Without copying any picture, transcribe exactly the lines of the data below from the one containing "- Commonly used" through the one containing "Béžovo-čierno-oranžová kockovaná vlnená".

### Material supplied:
◇ ◇ ◇ ◇ ◇
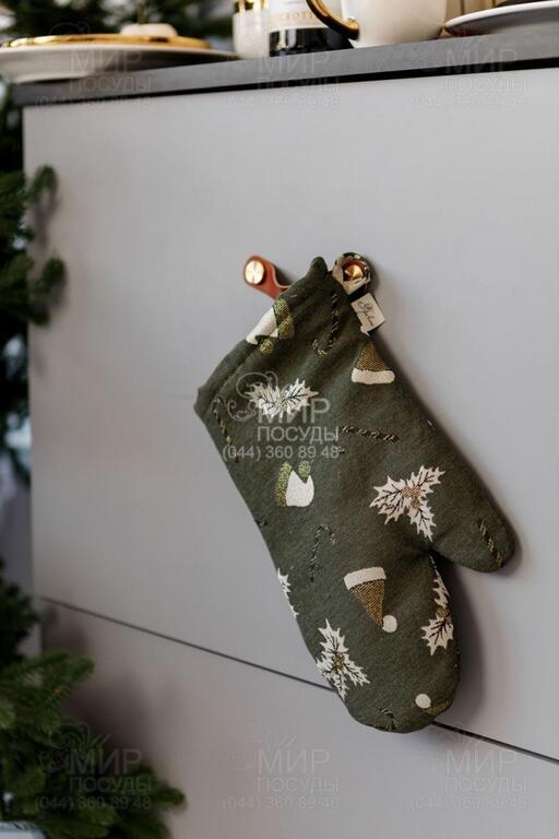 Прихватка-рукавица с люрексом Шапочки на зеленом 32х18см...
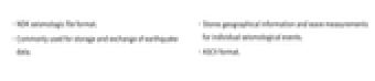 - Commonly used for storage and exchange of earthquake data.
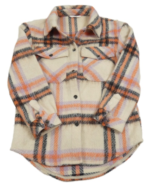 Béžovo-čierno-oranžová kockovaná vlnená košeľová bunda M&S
◇ ◇ ◇ ◇ ◇
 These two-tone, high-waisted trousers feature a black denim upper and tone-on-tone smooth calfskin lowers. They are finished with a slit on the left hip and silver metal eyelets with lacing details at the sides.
◇ ◇ ◇ ◇ ◇
### Answer box:
 - Commonly used for storage and exchange of earthquake data.
 Béžovo-čierno-oranžová kockovaná vlnená košeľová bunda M&S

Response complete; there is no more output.